OpenVPN HA Sync failover

cmhddti

I'll cross-post this a couple places, but I'm casting a wide net in hopes of getting some advice.

We've got two pfSense boxes (currently running 2.4.4-RELEASE-p3) configured with HA Sync, and sharing a CARP interface between them. I've got OpenVPN listening on the public CARP address, and it works great. However, if I were to initiate a CARP failover (by doing something as innocuous as unplugging a completely unrelated Ethernet cable) users get knocked off the VPN, and it takes about 30-60 seconds to failover to the secondary pfSense box, then another 30-60 seconds when it fails back to the primary. For comparison, I also have these boxes terminating an IPSEC Site-to-Site tunnel, and that only misses a ping or two when CARP fails over.

Does anyone know of any way to make this less impacting on my remote users? If, for example, I reboot the primary box to update the firmware, I get a bunch of messages from users saying they got disconnected from VPN, then another bunch of messages two minutes later saying that they got disconnected again. It's the only imperfection on an otherwise perfect setup, so of course, its significance to me is magnified.

I'm aware that the OpenVPN service isn't running on the backup server until a failure of the primary server is detected, so I assume part of the delay is waiting for a few heartbeats to be missed, and for the service to start up and accept connections. IPSEC is in the kernel, so maybe that's why it fails over so seamlessly. There's maybe also some delay in the ARP cache, but again, IPSEC would have those same issues, and failover is really fast. I'm running on relatively powerful, dedicated hardware with fast SSD, so I would imagine services could start up a lot faster than 30-60 seconds.

I've seen a couple of posts that suggested tweaking some keepalive settings that are sent out to the client. I experimented a little with a few of those, but it didn't seem to have a significant impact on the failover time. I'm also wondering if there are some tweaks to encourage the secondary server to detect the failure of the primary faster. Or maybe keep the service started on a sort of hot-standby. The two servers sync network is a crossover cable on a dedicated NIC, so I don't have a problem increasing the heartbeat rate, but I don't know how to do that, nor whether it would decrease failover time.

It seems to me like handing off the VPN session without interruption is probably impossible, so I expect the client will have to renegotiate the session. Most of our users are Windows users who use Viscosity VPN, which is capable of auto-reconnect when a tunnel is dropped, but it seems like that application (which is built on the OpenVPN client) isn't doing a great job of detecting the tunnel failure. I'm hoping I can push some settings out to them without having to configure each user's settings, too.

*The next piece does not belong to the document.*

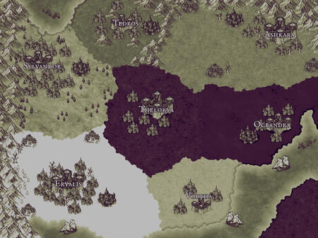 La magia había sido un elemento clave a la hora de la creación, o eso es lo que susurran los silencios a las afuéralas de cada reino. Se saber que antes de la civilización como la conocemos actualmente hubo algo más, unas encarnaciones divinas que desaparecieron sin dar razones de aquello, o quizás si las dieron pero nadie fue capaz de entenderlas. Hay trazos incompletos de la historia esparcidos por todos lados y que solo aquellos con los ojos en donde no deberían pueden notar. Leyendas y mitos sobre ellos, Los Primeros les llaman, antecesores incluso a los dioses que se conocen entre los reinos de esta tierra fantasiosa, siendo que tan solo una sola especie podría ser capaz de recordar algo de ellos, grandes animales alados que surcaban los cielos y pasaron años ocultos entre las montañas más altas, dragones, los guardianes del conocimiento que tofos parecen hacer olvidado.Pero, ¿a quién le importa esa historia? Está claro que nuestro centro no es ese…Hace más de trescientos años, cuando el mundo volvió a pertenecer al plano divino y los únicos límites eran la mente humana se alzaron seis nuevas naciones, quienes batallaron por ver quien lograba conquistar la mayor cantidad de tierras. Una guerra no tardó en desatarte entre todos ellos, sangre y magia, dos elementos que no deberían juntarse lo hicieron, desacatando el horror y violencia que muchos no pudieron evitar.Esto no fue algo que agradó a los dioses, ellos quienes habían otorgado aquellas tierras en pos de construir un lugar donde pudieran convivir en paz, aunque no hicieron nada, en espera de que fueran los causantes quienes pudieran poner fin a aquel baño de sangre. Aunque no fue así, la destrucción que causaban no dejó de aumentar y cualquier tipo de esperanza por parte de los dioses terminó por esfumarse.Tras los primeros cien años inmersos en aquella guerra de poder aparecía la tierra divina, que se volvió a convertir en un territorio inexplorado y que prometía una vida eterna llena de lujos y riquezas. Ningún rey tardó en intentar conquistarlo, fallando en cada intento, era territorio de los dioses y no cualquiera podía gobernar sobre él. Un criatura desconocía fue la primera en llegar, en asentarse y, con la bendiciones de los seis dioses, pudieron final a aquella guerra que en un pasado no parecía tener final. Los dragones fueron quienes terminaron con aquello que los humanos no pudieron, dejando poco después que una desconocida familia fueran los siguientes en asentarse en el nuevo mundo junto a ellos.Así fue como el conflicto dejó de ser el centro de los acontecimientos, una nueva era de alzaba frente a ellos. Los seis reinos terminaron de aparecer, junto a uno más, el principio de todo, Thelorya, tierra de paz.

Anyhow, suggestions would be greatly appreciated.

JeGr

@cmhddti said in OpenVPN HA Sync failover:

I'm aware that the OpenVPN service isn't running on the backup server until a failure of the primary server is detected, so I assume part of the delay is waiting for a few heartbeats to be missed, and for the service to start up and accept connections.

Nope. Even if there is a slight delay in firing up the OVPN server process on the standby node, the problem is not the OVPN server not running. It's the change of servers and the routing. With the failover, your CARP IP on WAN stays the same. But the OVPN server and the dial-up transit network were only running on node 1, now they are on node 2 and node2's server has no clue, how many and which VPN roadwarriors were connected. They need to re-connect, so the new VPN server instance can get them IPs via internal DHCP and route correctly.

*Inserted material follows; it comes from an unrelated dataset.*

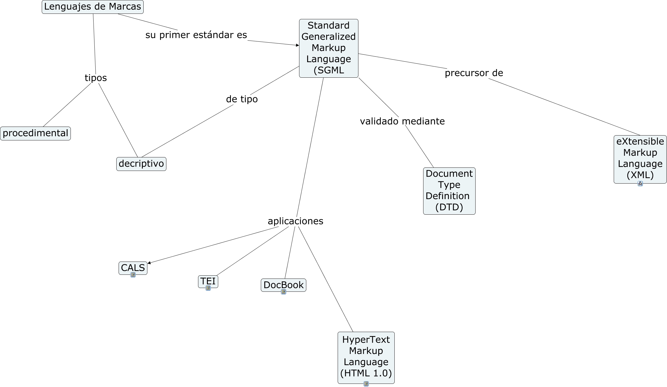 Este Cmap, tiene información relacionada con: LenguajeMarcas, Standard Generalized Markup Language (SGML aplicaciones DocBook, Standard Generalized Markup Language (SGML validado mediante Document Type Definition (DTD), Lenguajes de Marcas tipos decriptivo, Standard Generalized Markup Language (SGML aplicaciones CALS, Standard Generalized Markup Language (SGML aplicaciones HyperText Markup Language (HTML 1.0), Standard Generalized Markup Language (SGML aplicaciones TEI, Lenguajes de Marcas su primer estándar es Standard Generalized Markup Language (SGML, Lenguajes de Marcas tipos procedimental, Standard Generalized Markup Language (SGML de tipo decriptivo, Standard Generalized Markup Language (SGML precursor de eXtensible Markup Language (XML)

The IPSEC comparison is flawed, as you have a single tunnel terminating on the CARP WAN side and have nearly static routing over there. You don't have clients connected with dynamic adresses that may change by their order of dial-in so you don't have to change a thing.
Same goes for OVPN site 2 site tunnels. We have all three running on our big cluster and S2S tunnels are always nearly flawlessly working in failover scenarios, be it IPSEC or OVPN. Tunnels are very very easy to deal and sync with. We had an exchange of hardware once and I drove to the remote site with completely new hardware preconfigured for an OVPN S2S tunnel. Powered it up, had it ready and between "two heartbeats" I switched network cables from the old to the new hardware. Tunnel came up that fast, that with active pings running we never even missed one single PING on that line.

So you see, S2S is no problem configured by whatever means. Clients are different because of the way their DHCP-like IP adressing and routing works. Even if you run your OVPN Server on localhost instead of on the CARP VIP and just port forward the OVPN connection to localhost (that way the OVPN server can actively run on BOTH nodes without problems all the time because only the active node gets the traffic on the WAN VIP for the port forward) you have a tad smaller switch times, but the clients will re-connect nevertheless.

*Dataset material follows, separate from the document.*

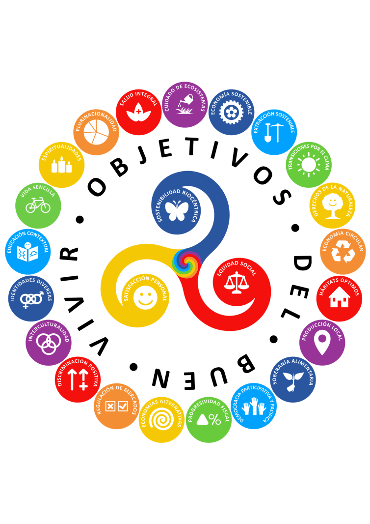 La propuesta de los Objetivos del Buen Vivir se articula en tres objetivos generales y veintiún objetivos específicos, encaminados a la consecución de las tres armonías (ambiental, social y personal) que deben caracterizar el buen vivir global (o el transdesarrollo global).

Using that with smaller keepalive and dead peer detection settings so the client gets to know faster, that its peer is down, can make the situation better (also the client should be able to reconnect automatically). But your users should (and have to!) know, that a failover situation on a cluster/firewall is no "no-loss" situation. A VPN connection may and should always be able to be allowed to fail/re-dial for a short amount of time. And by your initial paragraph it seems that you already have fail timings that are far below 5min. And 1-2min for failover and failback are in range of a very normal an healthy way. Perhaps send out a quick E-Mail to all VPN users and inform them about failover/failback - but as long as we run a similar setup (for years now) I never had anyone complaining in ernest about ~1-2min where they had to re-connect to the VPN.

After all, you don't failover a firewall every day just for the fun of it

Derelict

Try adding this to the server config advanced custom options:

explicit-exit-notify 2;

That should tell the OpenVPN server to instruct all clients to disconnect when the OpenVPN server process on the primary is shut down. Else they need to wait for the timeout to happen.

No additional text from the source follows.